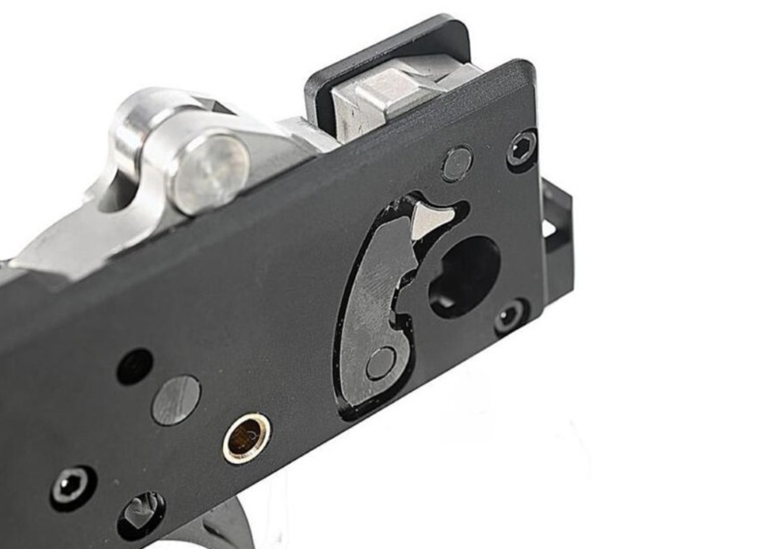 Gefertigt aus CNC-gefrästem Edelstahl, Aluminiumlegierung und Kupfer, bietet die Triggerbox eine deutlich höhere Widerstandsfähigkeit gegenüber Verschleiß als Standardteile. Als Drop-In Einheit ist sie bereits vormontiert und ermöglicht – mit entsprechender Erfahrung – einen vergleichsweise einfachen Austausch der originalen Abzugsgruppe.
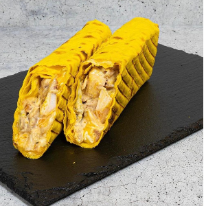 Белый лаваш, салат, помидор, огурец, курица, сыр, бекон, фирменный соус
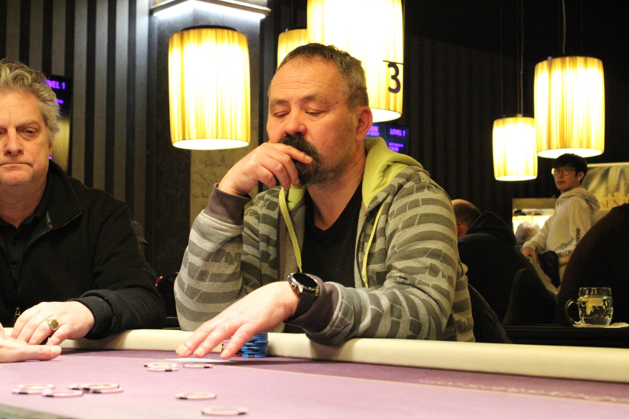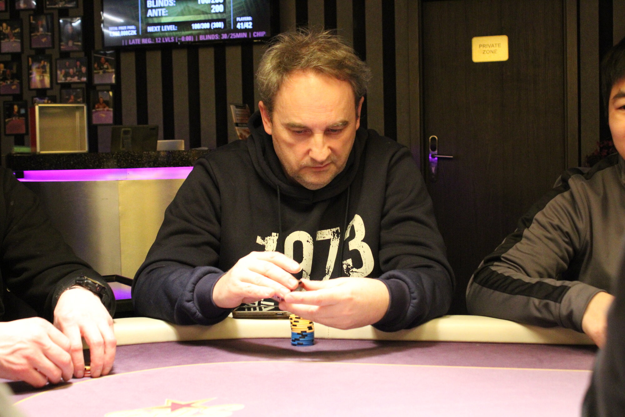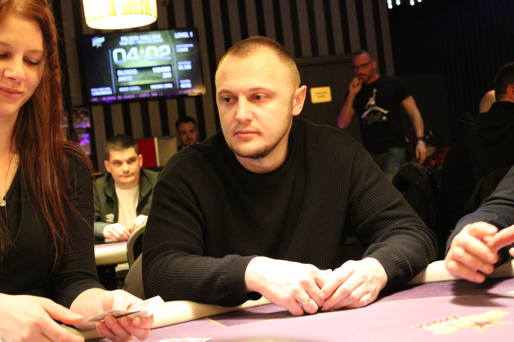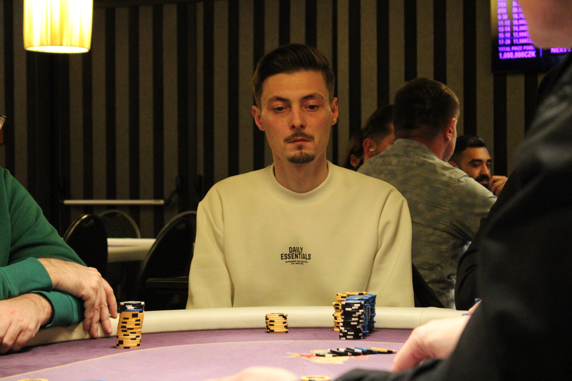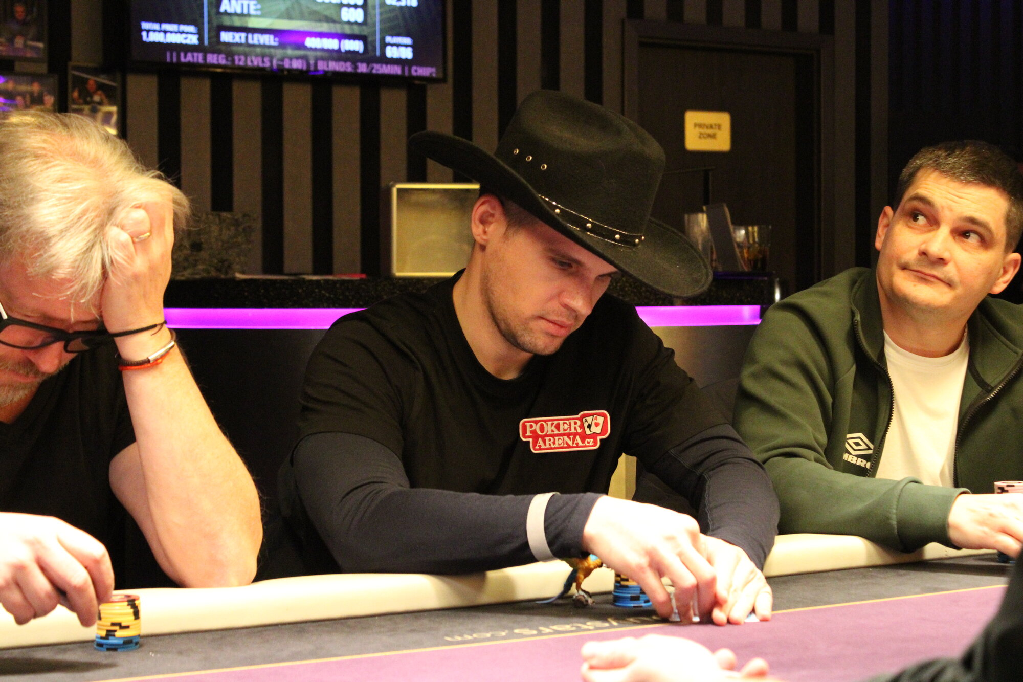 David Baloun (HJ) open 2k, Radovan Kdýr (SB) 3bet 14k, Daniel Žižka (BB) rovnou shoveuje cca 50k, Baloun zahazuje a Kdýr s větším stackem dorovnává.
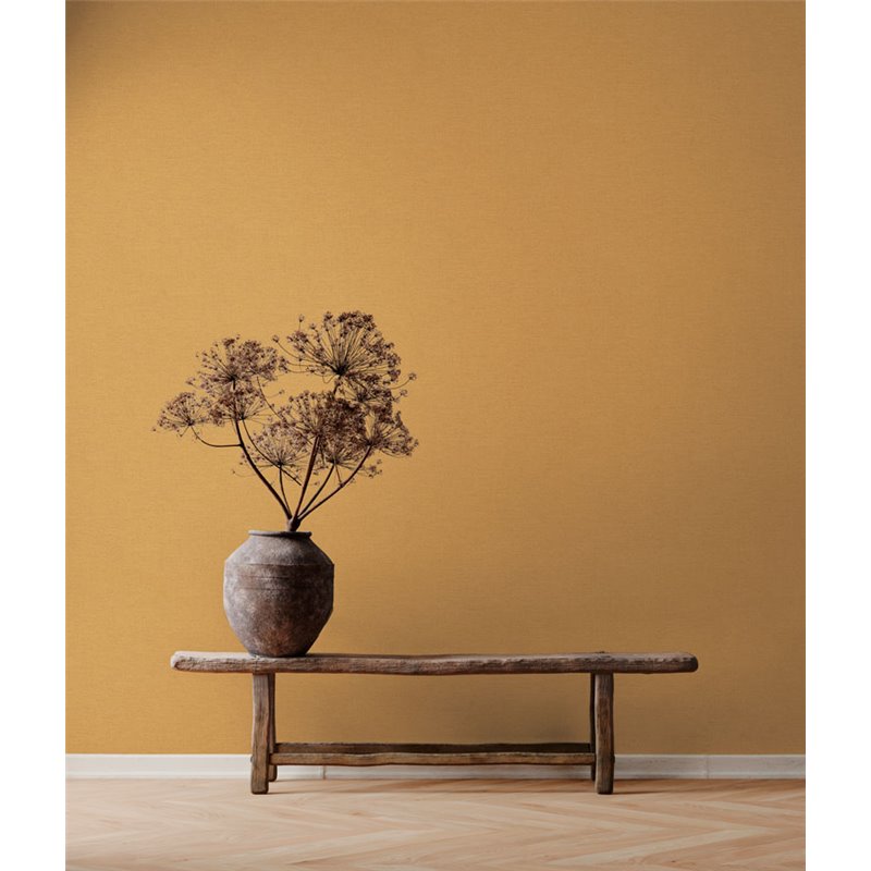 Tapete Painted Petals 2028371784 in der Farbe Ockergelb mit einer subtilen Textur, die den Effekt eines Textilgewebes imitiert. Sein gleichmäßiges und ungemustertes Finish macht es zu einer vielseitigen und eleganten Option.
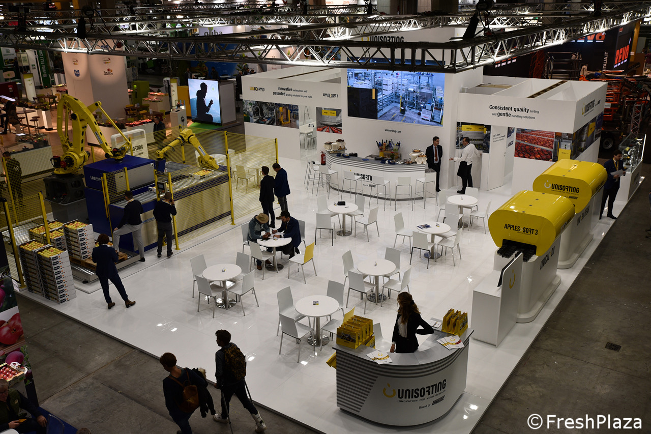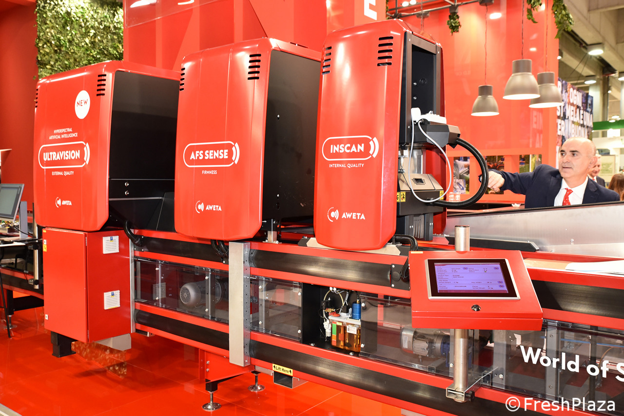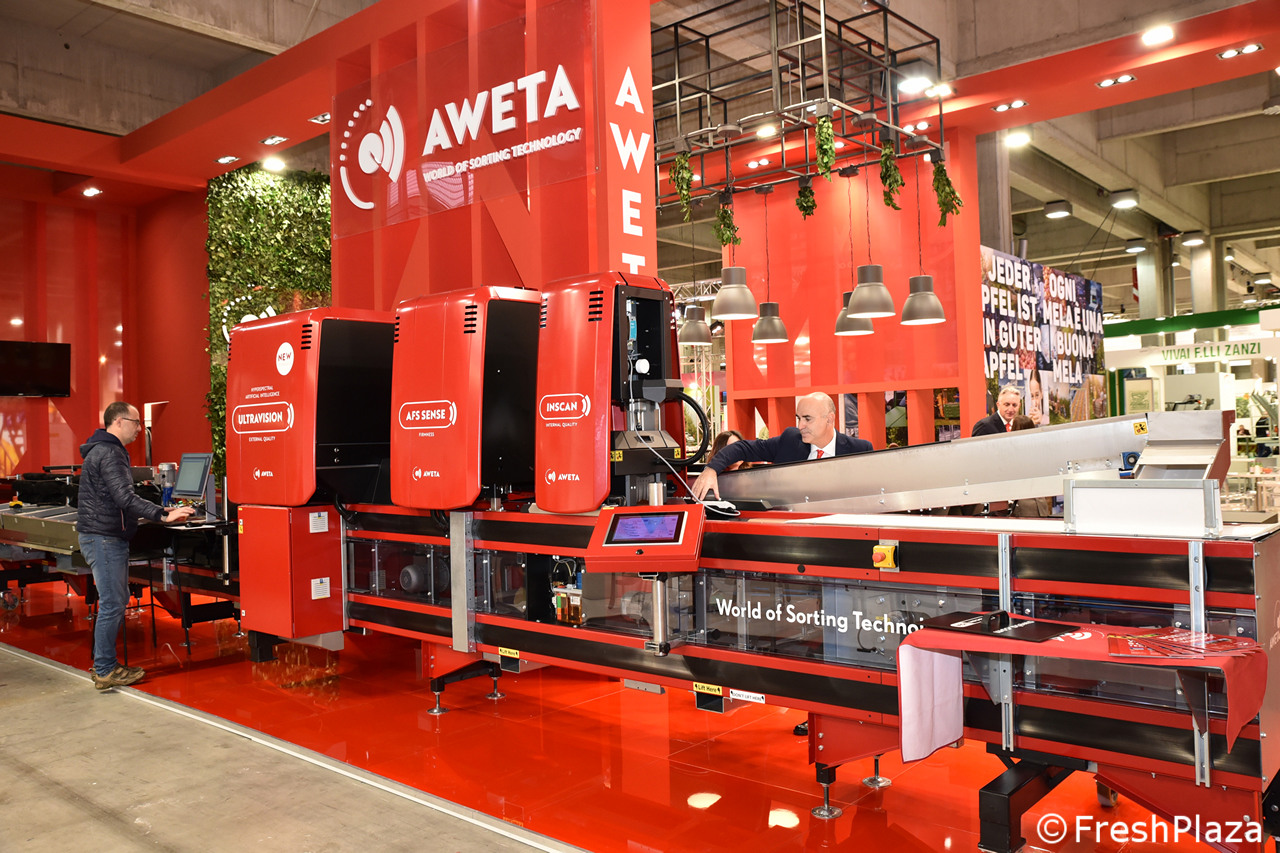 Stand Aweta, azienda specializzata in soluzioni per la selezione e il confezionamento di frutta e verdura
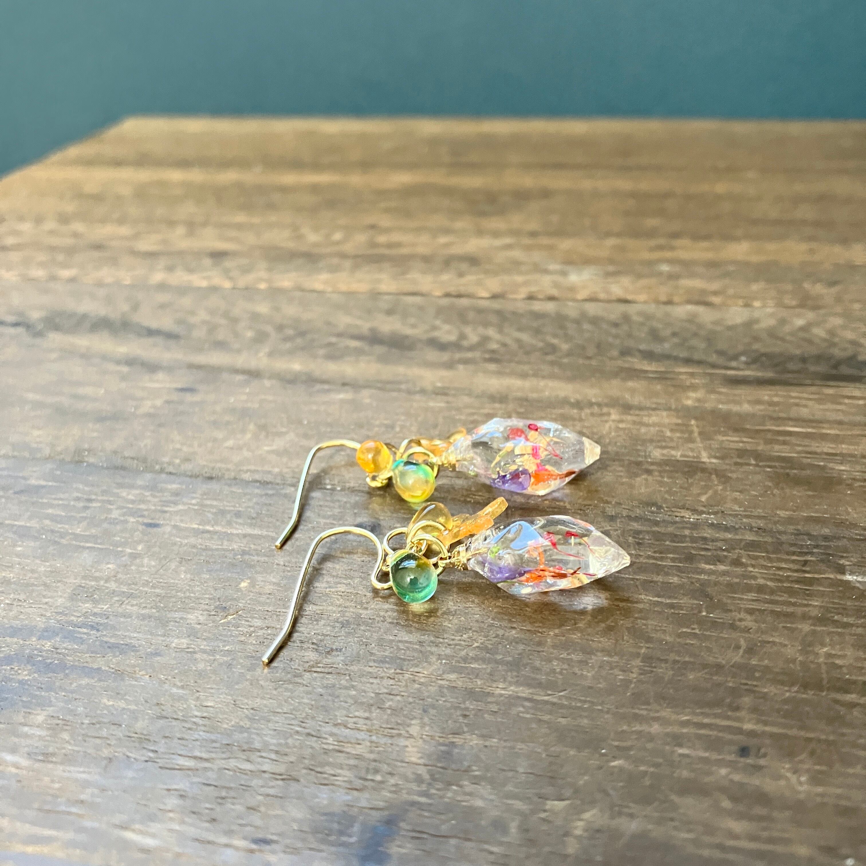 秋色の花を閉じ込めた透明感のある鉱石です。
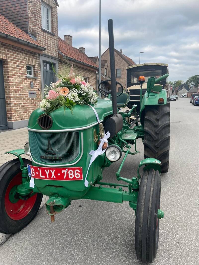 Deze wordt telkens verhuurd met een toffe Deutz Oldtimer (met chauffeur)

┄┄┄┄┄┄┄┄┄┄┄┄┄┄┄┄┄┄┄┄

» Problem to solve
Nothing but the lines from the one containing "秋色の花を閉じ込めた透明感のある鉱石です。" through the final line of the records, both included and copied exactly, should appear in the answer; pictures stay out.

» Completed task
 秋色の花を閉じ込めた透明感のある鉱石です。
 Deze wordt telkens verhuurd met een toffe Deutz Oldtimer (met chauffeur)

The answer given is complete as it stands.